El macizo, con una altura media de 760 metros sobre el nivel del
mar, estaba rodeado por dos torrentes profundos: el Cedrón por el
lado oriental –que separa la ciudad del monte de los Olivos–, y el
Ginón o Gehenna por el oeste y el sur. Los dos se unían con un
tercero, el Tiropeón, que atravesaba las colinas de norte a sur.

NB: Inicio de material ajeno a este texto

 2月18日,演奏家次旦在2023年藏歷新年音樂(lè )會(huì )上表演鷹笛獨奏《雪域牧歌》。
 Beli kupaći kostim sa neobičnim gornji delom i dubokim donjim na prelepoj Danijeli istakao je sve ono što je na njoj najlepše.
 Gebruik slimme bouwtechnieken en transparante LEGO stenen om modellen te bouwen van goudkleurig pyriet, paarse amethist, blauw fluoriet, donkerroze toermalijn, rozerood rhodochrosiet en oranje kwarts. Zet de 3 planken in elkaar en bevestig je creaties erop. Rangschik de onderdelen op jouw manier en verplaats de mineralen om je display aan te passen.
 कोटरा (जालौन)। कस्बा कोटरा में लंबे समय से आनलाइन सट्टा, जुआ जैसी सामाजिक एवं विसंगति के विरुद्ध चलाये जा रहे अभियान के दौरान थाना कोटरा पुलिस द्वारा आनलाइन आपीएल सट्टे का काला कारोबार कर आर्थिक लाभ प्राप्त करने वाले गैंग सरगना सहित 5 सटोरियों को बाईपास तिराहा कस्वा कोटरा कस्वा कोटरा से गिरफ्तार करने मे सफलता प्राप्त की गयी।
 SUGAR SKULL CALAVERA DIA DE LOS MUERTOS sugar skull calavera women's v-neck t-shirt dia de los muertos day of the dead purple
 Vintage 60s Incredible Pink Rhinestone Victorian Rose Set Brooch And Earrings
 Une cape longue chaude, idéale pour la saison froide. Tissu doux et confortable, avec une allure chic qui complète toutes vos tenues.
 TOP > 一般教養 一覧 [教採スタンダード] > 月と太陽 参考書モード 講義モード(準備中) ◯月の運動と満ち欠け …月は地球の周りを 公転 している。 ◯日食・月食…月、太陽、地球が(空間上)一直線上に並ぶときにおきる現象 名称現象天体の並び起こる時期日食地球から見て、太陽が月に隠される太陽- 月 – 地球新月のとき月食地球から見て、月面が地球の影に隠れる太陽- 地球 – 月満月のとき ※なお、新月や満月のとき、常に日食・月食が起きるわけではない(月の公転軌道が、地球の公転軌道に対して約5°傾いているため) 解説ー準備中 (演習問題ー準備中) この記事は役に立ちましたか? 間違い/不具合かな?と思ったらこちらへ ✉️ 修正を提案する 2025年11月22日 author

Cuando David tomó Jerusalén, se estableció en la fortaleza y realizó
diversas construcciones (Cfr. 2 Sam 5, 6-12), a la vez que la
constituyó capital del reino. Además, con el traslado del Arca de la
Alianza, que era el signo de la presencia de Dios entre su pueblo
(Cfr. 2 Sam 6, 1-23.), y la decisión de edificar en honor del Señor un
templo que le sirviera de morada (Cfr. 2 Sam 7, 1-7. También 1 Cro
22, 1-19; 28, 1-21; y 29, 1-9), la convirtió en el centro religioso de
Israel. Según las fuentes bíblicas, su hijo Salomón empezó las obras
del Templo en el cuarto año de su reinado, y lo consagró en el
undécimo (Cfr. 1 Re 6, 37-38.), es decir, hacia el 960 a. C. Aunque
no es posible llegar a las evidencias arqueológicas –por la dificultad
de realizar excavaciones en esa zona–, su edificación y su esplendor
están descritos con detalle en la Sagrada Escritura (Cfr. 1 Re 5, 15 –
6, 36; 7,13 – 8, 13; y 2 Cro 2, 1 – 5, 13).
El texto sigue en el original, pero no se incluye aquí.